In the projection type cathode ray tube device adopting the different-diameter neck system, mounting of the convergence yoke to the large neck-diameter portion and mounting of the deflection yoke to the small neck-diameter portion are indispensable and hence, the enhancement of the correction sensitivity of color slurring has been considered as a task to be achieved.
However, in the projection type cathode ray tube adopting the different-diameter neck system, electron beams irradiated from the electron guns arranged in the large neck-diameter portion strongly receive an influence of a deflection magnetic field of the deflection yoke, thus generating the distortion of the shape of the electron beams, that is, the so-called deflection distortion relatively in the peripheral portion of a screen.
Accordingly, it is an object of the present invention to provide a projection type cathode ray tube device adopting a different-diameter neck system which can enhance a focusing function of display images and, at the same time, can enhance the color slurring correction efficiency, and further can correct the deflection distortion whereby the image quality in a peripheral portion of a screen can be enhanced.
A projection type cathode ray tube device according to the present invention is constituted such that first magnets having different polarities in the horizontal direction are arranged at upper and lower sides of an opening portion of a deflection yoke, and the first magnet which is arranged at the upper side of the opening of the deflection yoke and the first magnet which is arranged at the lower side of the opening of the deflection yoke have different polarities in the lateral direction. Due to such a constitution, it is possible to correct a locus of an electron beam which enters the inside of a deflection magnetic field and can correct the electron beam distorted in the longitudinal direction to an electron beam shape which is a substantially circular shape.
Another projection type cathode ray tube device according to the present invention is constituted such that first magnets having different polarities in the horizontal direction are arranged at upper and lower sides of an opening portion of a deflection yoke, the first magnet which is arranged at the upper side of the opening of the deflection yoke and the first magnet which is arranged at the lower side of the opening of the deflection yoke have different polarities in the lateral direction, and second magnets having different polarities in the tube axis direction of a cathode ray tube are formed in the periphery of the opening portion of the deflection yoke. Due to such a constitution, it is possible to correct an electron beam which is distorted in the longitudinal direction to an approximately circular shape and to correct an electron beam which is distorted in the radial direction to an approximately circular shape.

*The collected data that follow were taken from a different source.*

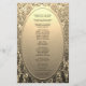 Ce programme de mariage élégant et magnifique présente un aspect or métallisé avec un fond damassé et conviendrait parfaitement à tout mariage ou événement.
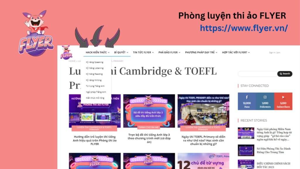Phòng luyện thi ảo FLYER với hệ thống kiến thức được biên soạn kỹ lưỡng và chi tiết cũng là một địa chỉ uy tín mà bạn có thể tham khảo để tra cứu ngữ pháp tiếng Anh
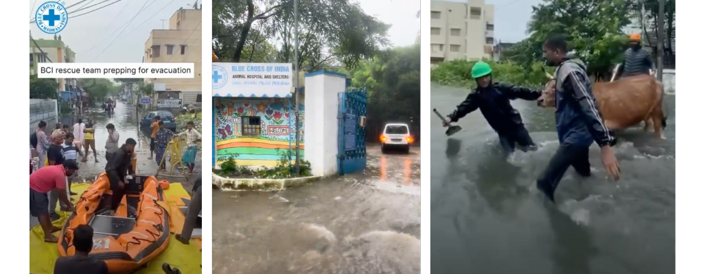 Despite facing adversity, we also triumphed over the impact of Cyclone Michaung in our own sanctuary in Guindy. The cyclone brought devastating floods, challenging the very fabric of our shelter. On the day of the flood, our vets, animal caregivers, and volunteers rallied together, displaying unparalleled heroism. With unwavering determination, they carried every single animal to higher ground, ensuring their safety amidst the rising waters.
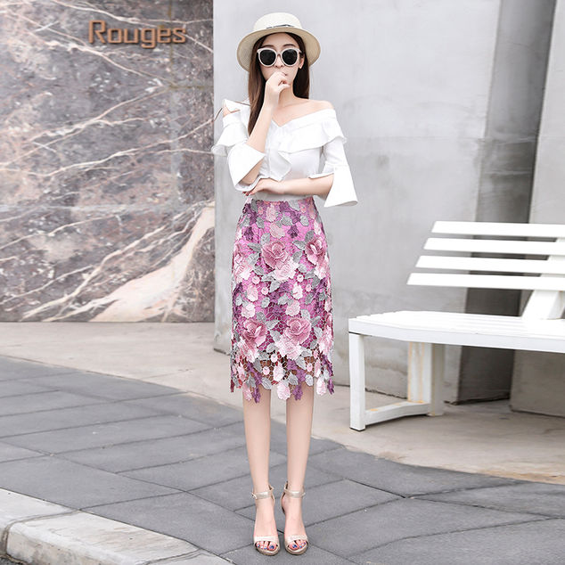 小众设计半身裙高腰蕾丝ar裙镂空女士显瘦包臀裙中裙粉色RT少女感热门设计联盟服务商

Preferred embodiments of the present invention are explained hereinafter in conjunction with drawings which show the embodiments.
Further, in the projection type cathode ray tube, a monochromatic and approximately rectangular-shaped phosphor screen is formed on an inner surface of an approximately rectangular panel 1 and one electron beam is irradiated from the electron gun 6. The electron beam receives a deflection action in the horizontal direction as well as in the vertical direction due to a deflection yoke 7 and scans on the phosphor screen, so that the screen is emitted.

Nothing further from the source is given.